This week I held a staff retreat for myself and my team of three that supports Align and Profit. The retreat was a night and day difference from the one I held last year. Before I share about how great it was, let me just contrast. The last time I had a staff retreat, I was exhausted! I’d had a client retreat and 3 VIP Days prior to putting on the hat of the leader of my company. I wasn’t present to exactly what I wanted as an outcome.
I also didn’t have all of the right people on my team. At some level I knew it and I was hoping it would go away. 🙂 I was hoping the idea of a “retreat” would magically transform the person who I was clear didn’t “get it” into someone who did.
Funny, right? I’ve done this in dating, too, by the way. 🙂
When someone shows you who they are, believe them the first time. Easy to say, harder to act on. You’ve got to get the right people on your team.
I also had a big long list of stuff I wanted to “crank out” while we were together, because I thought perhaps our time in person would help make up for any communication gaps we had in the normal running of the business. Oops!
The Difference Time and Learning Can Make
This time, I was sure to:
- Give myself some down time before our retreat.
- Release anyone on my team who I knew didn’t “get it” about where we are heading. (Yes, I fired someone again. No, it doesn’t get easier.)
- Bring in the right energy and commitment level to my team (more on that in a minute).
- Create big picture intentions for the day that were clear and strategic umbrellas over the bulk of what we are doing, knowing that anything that needed to get done after our day together, would, because that is how we roll.
- Think about each individual on the team and what I’d like from them, and how to engage them based on who they are and what they most want.
- Give each team member prework that was personal to them: Recent learning, why they are there, what they most want to create, what they most want to leave behind.
These are some great tips I’d give to anybody who has a team. But here is the biggest one:
Remember Where You Came From
Before you get your team in a room and take on the role of leader of your company, take a minute to remember where you came from. Or, really, why you are in business in the first place.
[Your why should be clear every day in your marketing, by the way. :)]
It is amazing how I see people’s “why” fly out the window the moment they put their “boss” hat on. Every insecurity surfaces in this role… (all fall under the hats of Circumstance Cindy, Accepting Annie, or Patty Proven… perhaps a future article.)
It’s important to take time to reground yourself in why you do what you do and how it applies to your team. There’s nothing like being in alignment to create a strong work environment.
You Can’t Buy Loyalty
As I worked with my team this week, I was moved to tears on multiple occasions by who they are and what they contribute. They completely “get it.” They know where we are going and why, and have committed to living the principles that our company embodies, as I have. They learn as I teach, and courageously apply the principles to uplevel their own lives.
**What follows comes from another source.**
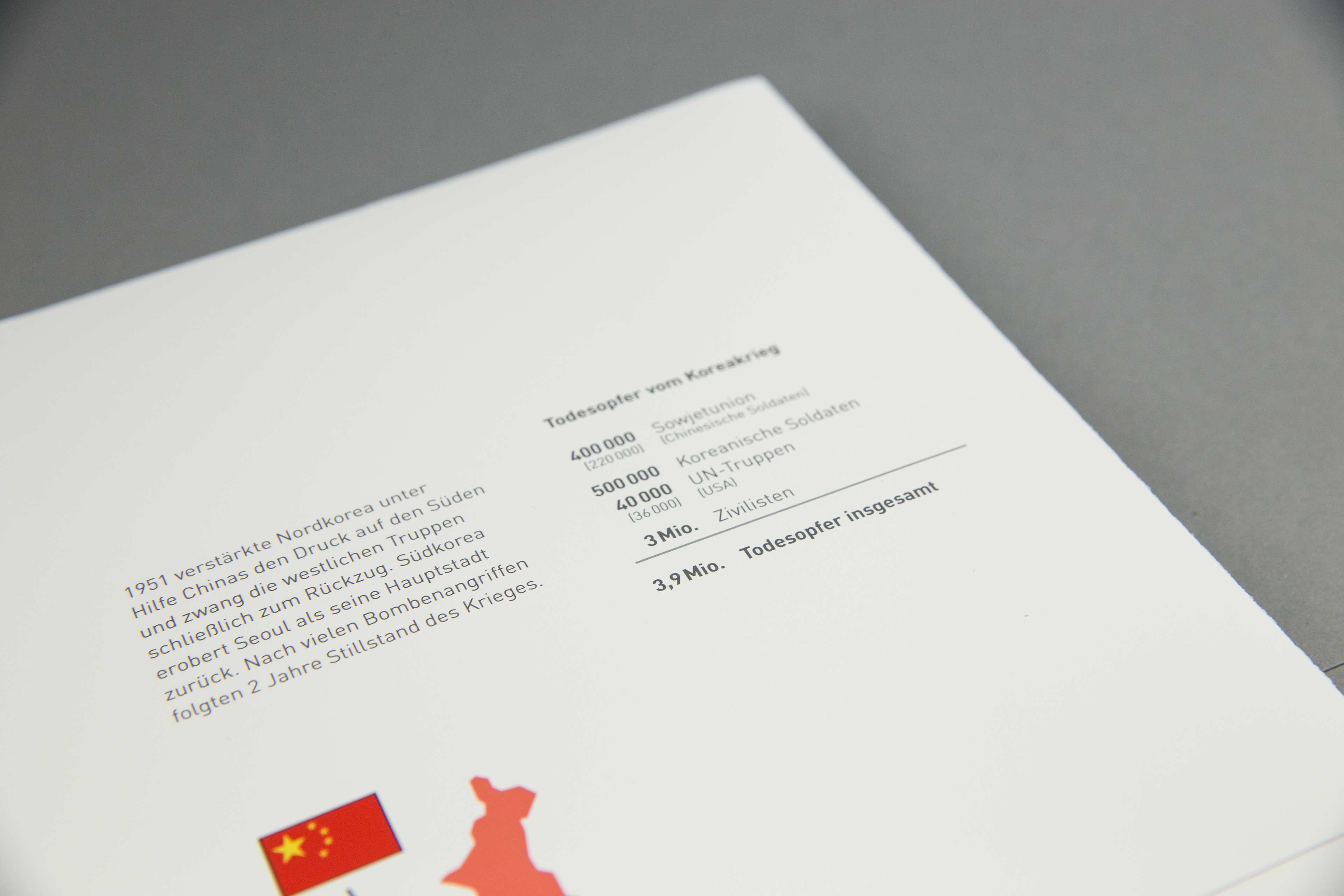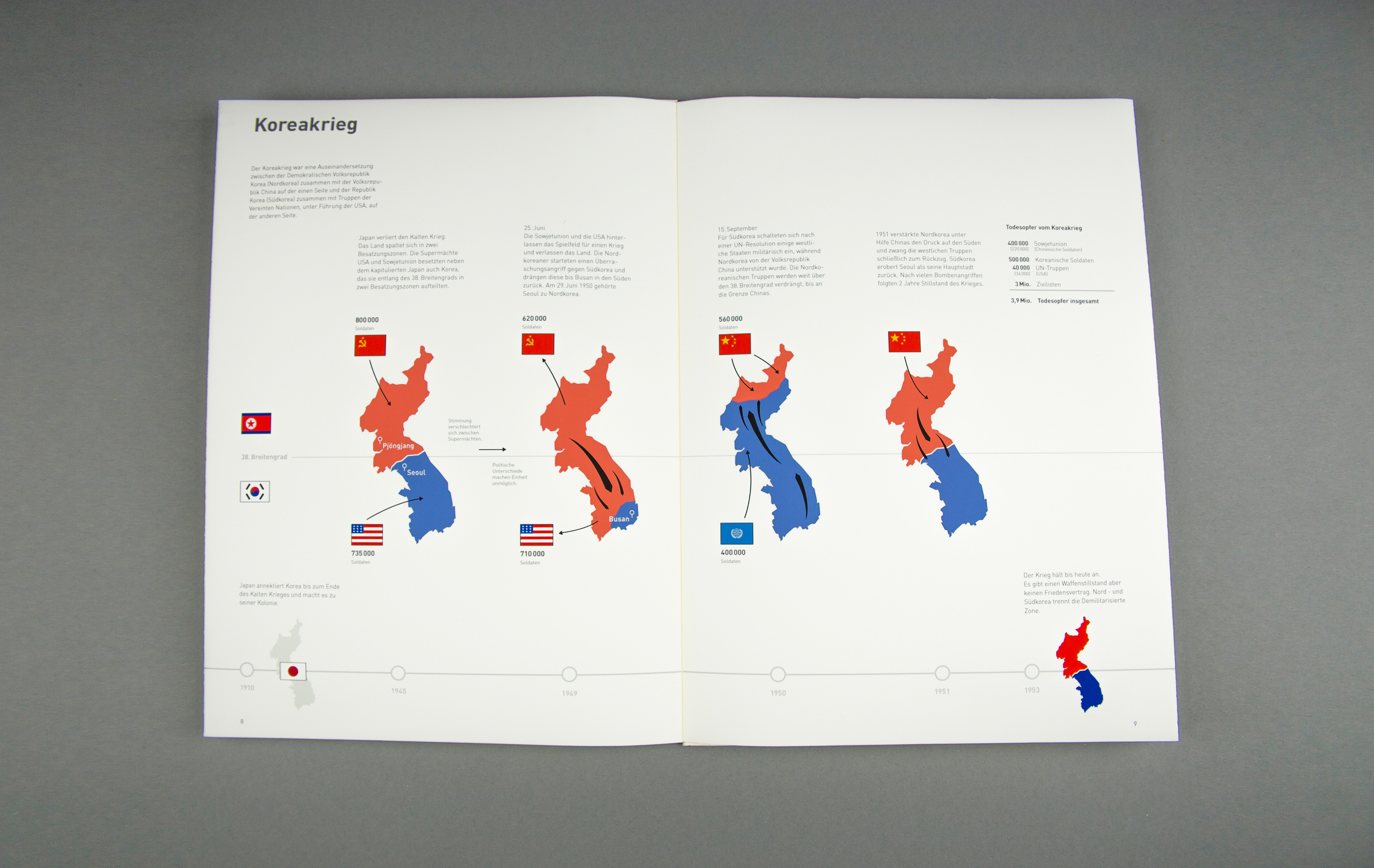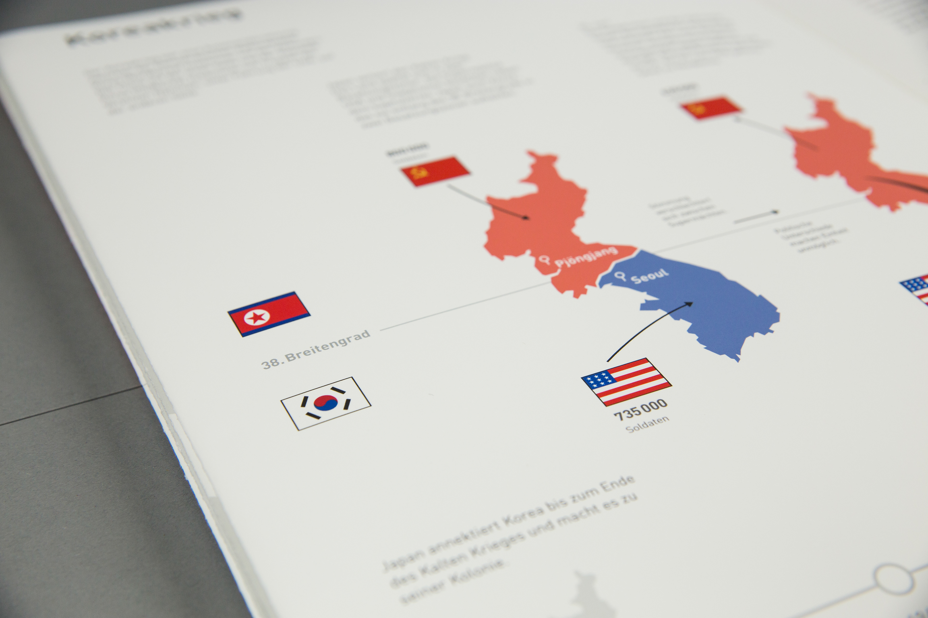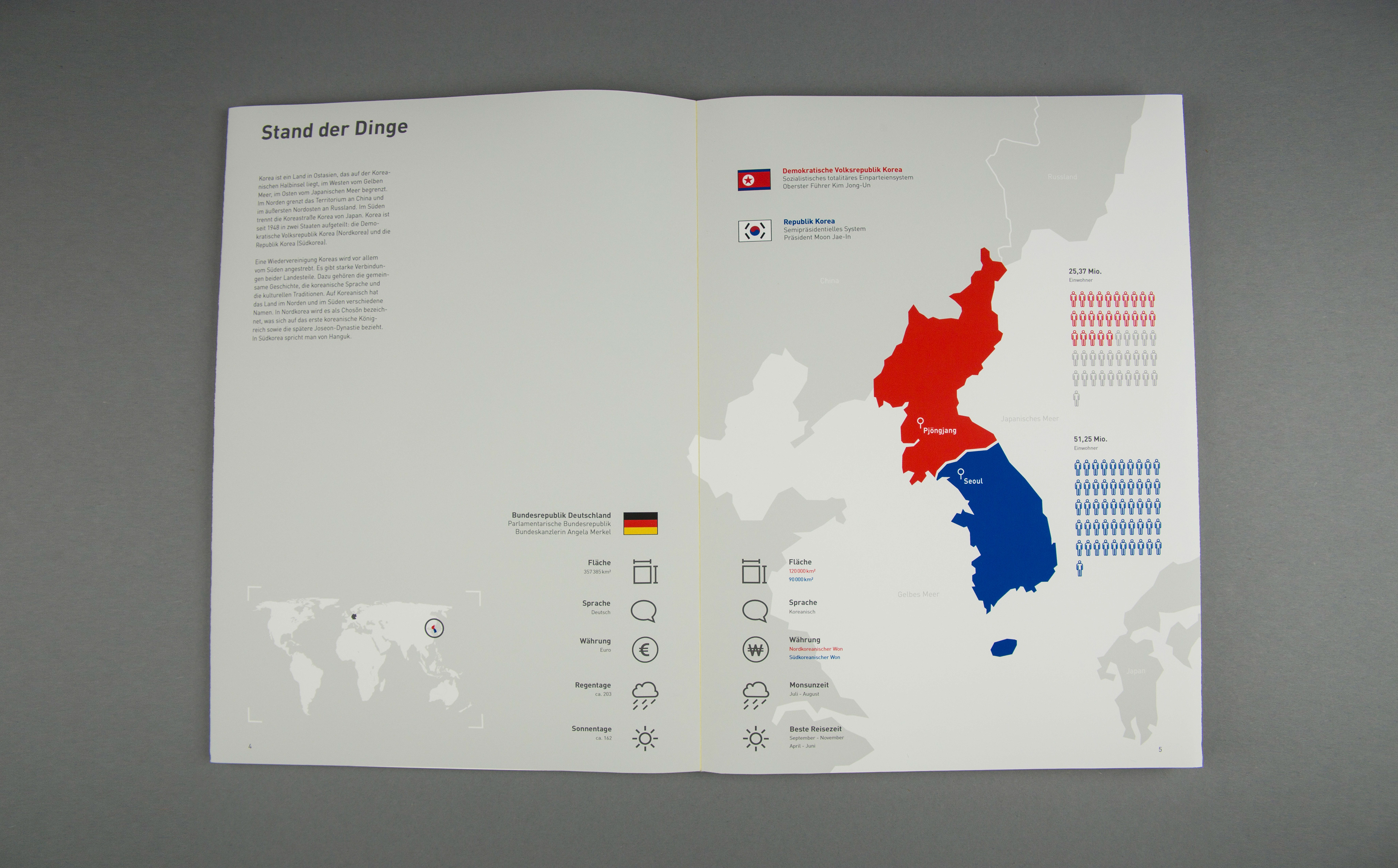Based on the book concept, a concept of an exhibition situation should be visualized. The foundation is one or more exhibits which should be integrated into the topic. Some subject areas of the book concept are transferred, supplemented and interactively prepared for the visitor. The visualization of the concept is implemented through a 1:10 model and a 1: 1 model. The history of Korea is shown in idle mode. By selecting the buttons, the comparison between North and South Korea is shown.

You can’t buy that level of commitment, you can only inspire it. You can’t inspire it in the wrong people. But attract the right people, declare and live your principles, and they will reflect it right back to you, holding you to your own standard! It’s a beautiful thing.
The Seeds of My Why
When I sat in a coach training program in 1998 in my corporate job, the message that was revealed to me in my own inner knowing went something like this:
People are pretending to be what their boss, coworkers, or team members want them to be so they can get paid, look good, be impressive or otherwise get their egos fed.
What if people could feel free to be themselves in their work? What else might be possible?
This insight has driven me every step of the way from the moment my business first opened its doors. And this is what I bring to my team. It is what I am committed to modeling for them – it has to be.
We have a handful of principles by which we are committed to operating. In short, we live what we teach, and we communicate if something happens through which we don’t or can’t.
What Moved Me
What moved me so strongly in my meeting is that, while I am not perfect, I have succeeded in creating an environment for my team in which I want to work… which addresses the two major issues I had when I worked in corporate.
1. | We bring no pretense. |
We are who are, we say what we mean, and we don’t hold back or make stuff up to make each other happy, or comfortable, or impressed. We can create and build into something bigger than any single one of us imagined because we bring our full selves to the table. | |
2. | We do work that matters. |
Our work and results as a team, and the work and results our clients create, inspire the heck out of us every day. We don’t have to convince ourselves it matters, it really does. To us. It’s in natural alignment with who we are. (I used to try to find a way to get passionate about engineering new packages for flavored, colored, sugar-water, if you can believe that!) |
It can be scary.
As you begin to create a team that is inspired by you, committed to you, and relying on you to show up every day, as you, it can feel like a lot of responsibility. It is. I am ultimately responsible for every outcome my company experiences. All of them. No matter who took the action. I am the source.
This is why so many aspiring entrepreneurs don’t leave start. They are uncertain of their ability to be the source of a movement that reaches millions, and provides income for a thriving team. But, if you see the vision it won’t go away. No one else is going to do “your thing.” It has to be you.
How cool is it that you can pay people to be on board with “your thing,” so “your thing” can grow? Visualize your future staff retreat. Who do you see around the table? Why are they thrilled to be working with and supporting YOU? Now, go out and make it happen!